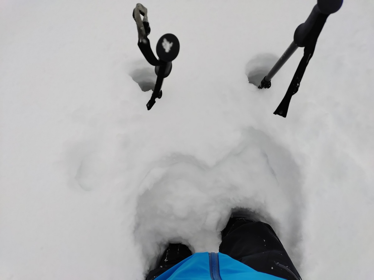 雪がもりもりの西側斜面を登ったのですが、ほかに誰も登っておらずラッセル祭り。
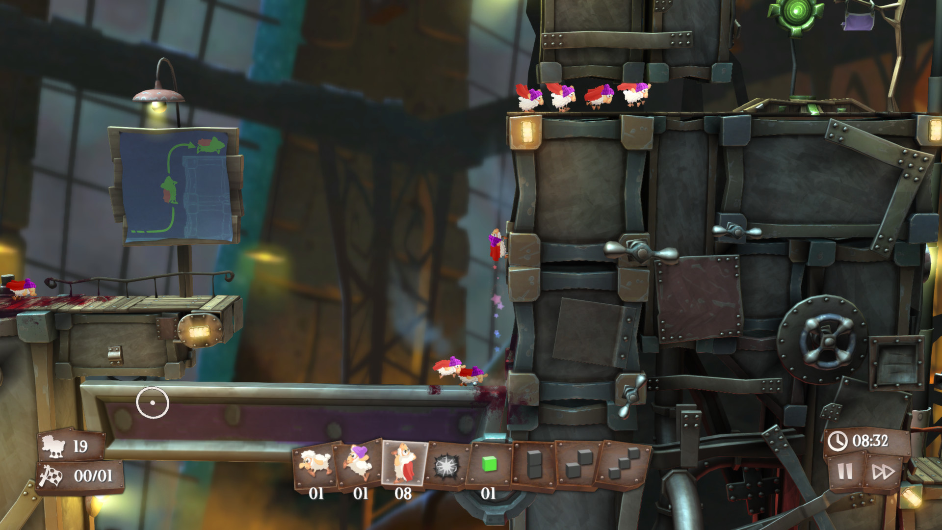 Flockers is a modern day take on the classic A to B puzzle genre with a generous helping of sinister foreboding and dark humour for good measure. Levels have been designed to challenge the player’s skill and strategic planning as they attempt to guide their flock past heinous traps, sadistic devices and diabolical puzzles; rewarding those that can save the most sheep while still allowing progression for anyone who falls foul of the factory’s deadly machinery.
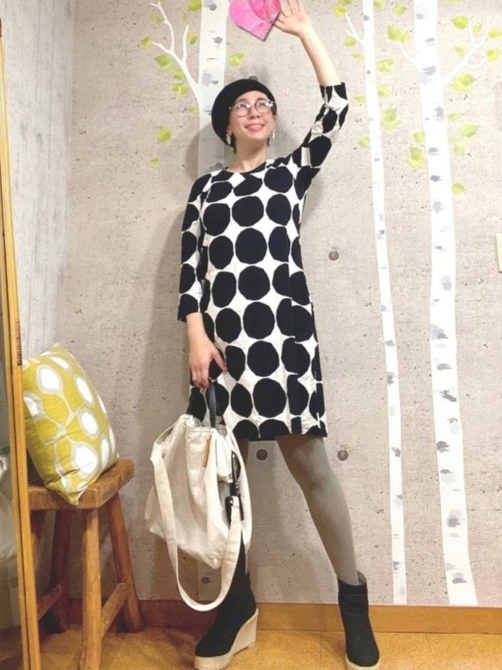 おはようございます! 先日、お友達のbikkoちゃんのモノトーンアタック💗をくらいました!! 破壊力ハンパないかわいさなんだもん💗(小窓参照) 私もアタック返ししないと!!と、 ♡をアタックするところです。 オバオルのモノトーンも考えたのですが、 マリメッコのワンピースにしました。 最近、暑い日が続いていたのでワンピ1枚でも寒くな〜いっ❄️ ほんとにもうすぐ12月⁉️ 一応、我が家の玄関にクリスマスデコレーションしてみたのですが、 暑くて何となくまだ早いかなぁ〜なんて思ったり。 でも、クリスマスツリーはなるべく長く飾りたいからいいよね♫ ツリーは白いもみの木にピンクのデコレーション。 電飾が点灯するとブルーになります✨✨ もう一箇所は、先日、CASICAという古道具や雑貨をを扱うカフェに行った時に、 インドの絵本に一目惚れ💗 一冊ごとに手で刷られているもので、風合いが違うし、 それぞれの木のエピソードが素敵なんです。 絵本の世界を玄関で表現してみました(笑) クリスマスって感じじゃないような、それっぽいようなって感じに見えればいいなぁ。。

----

AIM OF THE TASK: Copy exactly the lines that run from the line containing "Flockers is a" to the end of the data above, keeping both end lines and leaving out all pictures.

TASK ANSWER:
 Flockers is a modern day take on the classic A to B puzzle genre with a generous helping of sinister foreboding and dark humour for good measure. Levels have been designed to challenge the player’s skill and strategic planning as they attempt to guide their flock past heinous traps, sadistic devices and diabolical puzzles; rewarding those that can save the most sheep while still allowing progression for anyone who falls foul of the factory’s deadly machinery.
 おはようございます! 先日、お友達のbikkoちゃんのモノトーンアタック💗をくらいました!! 破壊力ハンパないかわいさなんだもん💗(小窓参照) 私もアタック返ししないと!!と、 ♡をアタックするところです。 オバオルのモノトーンも考えたのですが、 マリメッコのワンピースにしました。 最近、暑い日が続いていたのでワンピ1枚でも寒くな〜いっ❄️ ほんとにもうすぐ12月⁉️ 一応、我が家の玄関にクリスマスデコレーションしてみたのですが、 暑くて何となくまだ早いかなぁ〜なんて思ったり。 でも、クリスマスツリーはなるべく長く飾りたいからいいよね♫ ツリーは白いもみの木にピンクのデコレーション。 電飾が点灯するとブルーになります✨✨ もう一箇所は、先日、CASICAという古道具や雑貨をを扱うカフェに行った時に、 インドの絵本に一目惚れ💗 一冊ごとに手で刷られているもので、風合いが違うし、 それぞれの木のエピソードが素敵なんです。 絵本の世界を玄関で表現してみました(笑) クリスマスって感じじゃないような、それっぽいようなって感じに見えればいいなぁ。。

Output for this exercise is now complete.